FASB News
Board Follows a Rigorous Process to Develop U.S. Accounting Rules
FASB Chair Richard Jones and Technical Director Hillary Salo detailed the board’s due process at the May 9 Oversight Committee meeting, stressing that a rigorous due process is followed to ensure that the full spectrum of the accounting profession gets to weigh in on all of its projects. “We’re always trying to understand do we have fulsome feedback from all of our different stakeholder groups,” Salo told the Financial Accounting Foundation (FAF)’s Standard-Setting Oversight Committee. Pressed by Oversight Committee Co-Chair Timothy Ryan on “do we look to see maybe who hasn’t commented and what’s our process there?” Jones and Salo affirmed that staff did, mapping out steps from start to finish of the board’s efforts to reach all walks of investors and preparers. “Generally, with regards to preparers and with practitioners, we are able to understand the nature of that—we have that full spectrum and we get that through comment letters,” Salo replied. “Investors are one of the areas that’s more challenging because they typically will not send us comment letters to put their public position out there that’d be publicly posted on our website—but we do significant amount of investor outreach to make sure that we have that fulsome input from an investor standpoint, whether that’s from the buy-side, the sell-side, credit analysts, lenders, private company and users of the financial statement, even the banking regulators when thinking about them as an investor or a user as well.” The topic of the board’s due process has become a thorny one for FASB, which has not been able to get ahead of criticism from some groups that more needs to be done to populate financial statements with a broader swath of information for investors. The Oversight Committee’s effort to drill down on the board’s outreach and due process was therefore not surprising, especially since it was the committee’s first publicly held meeting.

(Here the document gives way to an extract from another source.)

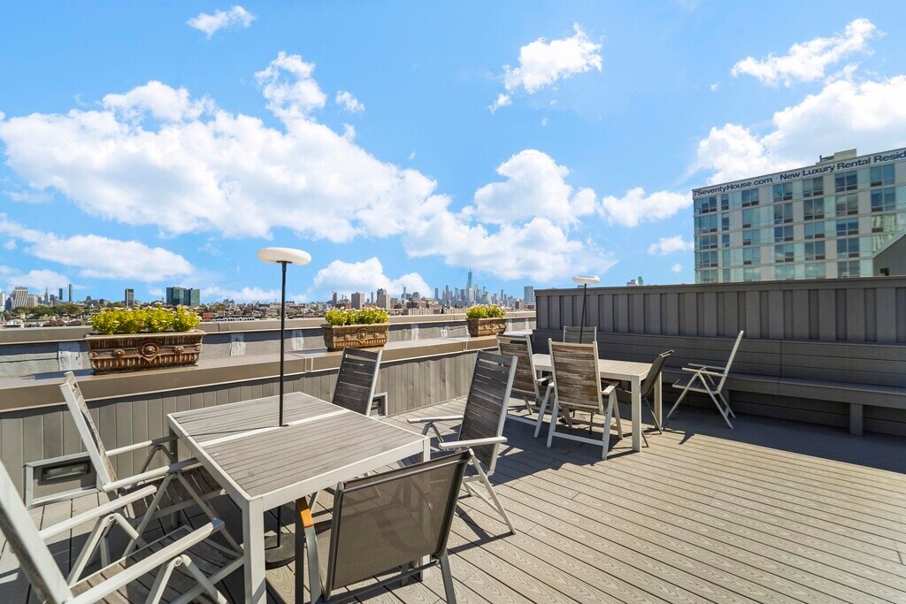 Move-in right away! Luxurious 2-Bedroom, 2-Bath Condo at MetroStop – Unit #602 Welcome to MetroStop, a modern steel and concrete building in Midtown Hoboken that offers the perfect blend of style, comfort, and convenience. This luxurious 2-bedroom, 2-bath condo, located on the sixth floor, features a thoughtfully designed, open-concept floor plan ideal for modern living. Apartment highlights: Open-concept living: The spacious layout features gleaming Brazilian cherry hardwood floors and floor-to-ceiling windows that fill the space with abundant natural light. Gourmet kitchen: A designer kitchen is equipped with stainless steel appliances, granite countertops, a glass tile backsplash, and a large breakfast bar for casual dining and entertaining. Two large bedrooms: The primary bedroom includes a custom walk-in closet, while the second bedroom also features custom closets. Two modern bathrooms: The spa-like master bathroom offers a soothing Jacuzzi tub, and the second full bath is equally well-appointed. Private balcony: Step out onto your private balcony to enjoy your morning coffee or evening drink. In-unit laundry: A full-size washer and dryer are included in the unit for your convenience. Deeded parking: The rental includes one full-size deeded garage parking space. Other features: Enjoy central air conditioning and custom lighting throughout the apartment. Building amenities: As a resident of MetroStop, you will have access to a wealth of premium building features: Fitness center: Stay active in the fully equipped exercise room. Rooftop deck: Take in breathtaking NYC skyline views from the common rooftop deck, complete with seating areas. Residents' lounge: Relax and socialize in the beautifully furnished residents' lounge. Virtual doorman: Benefit from the added convenience and security of a virtual doorman. Secure package room: Never miss a delivery with the building's secured package room. On-site cafe: Grab your morning brew from the cozy cafe located in the building. Prime location: The MetroStop building is perfectly located for effortless commuting and accessing the best of Hoboken. Transit: The 9th Street Light Rail station is located right downstairs, offering easy access to the PATH and NYC. Shopping and dining: Enjoy proximity to local shops, restaurants, parks, and the Monroe Center. Nearby attractions: Explore the waterfront, walk to ShopRite, and enjoy the neighborhood's excellent restaurants and nightlife. Pets: Pets are okay with owner approval. PARKING for an additional $300.00 per month.

Regulators Aren’t Citing Accounting Rules as Cause of Recent Banking Failures
Regulatory agencies are not citing accounting rules for held-to-maturity (HTM) debt securities as a contributing factor in recent banking failures and views are mixed as to whether the board should address the topic, FASB Chair Richard Jones told the board’s trustees. FASB is monitoring the issue, Jones said at the May 10 Financial Accounting Foundation (FAF) quarterly meeting, which was livestreamed from Washington, D.C. “I was happy to read both the Fed report on [a] particular institution as well as an FDIC report on another institution where they talked about some of the contributing factors and did not cite accounting,” he said. His remarks were in response to trustees’ observations that Silicon Valley Banks (SVB)’s failings have caused people to question whether the HTM standard is right or wrong, and to a question on “how if at all that might impact the [FASB]’s technical agenda going forward.” FASB has received agenda requests but has also received mixed feedback in outreach on whether accounting rules for HTM securities need to be changed, Jones also explained. “Some have raised the question of should there be a change in the accounting,” he said. “Others have pointed out to us they believe they have all the information and the accounting should not change. We’ve gotten a couple [of] agenda requests, those are things that we’ll consider as part of our normal process. But it’s something we’re watching.”
IASB News
IFRS Interpretations Committee Issues 8th Volume of Compiled Decisions with Focus on Leases
The IFRS Interpretations Committee, on May 4, 2023, published a six-month analysis of its views on assessing the definition of a lease, specifically for a battery contract with a supplier for use in electric vehicles (EV). This is the committee’s eighth volume of decisions, and this edition addresses how to assess whether such a contract contains a lease under International Financial Reporting Standard (IFRS) 16, Leases, when the supplier has substitution rights. The 15-member committee is the interpretative body of the International Accounting Standards Board (IASB), the accounting standard-setter that works under the governance of the IFRS Foundation to develop IFRSs for more than 140 jurisdictions worldwide. The committee is chaired by IASB member Bruce Mackenzie and works with the board in supporting the consistent application of IFRS. The decisions were published under Compilation of Agenda Decisions–Volume 8, and span from November 2022 to April 2023.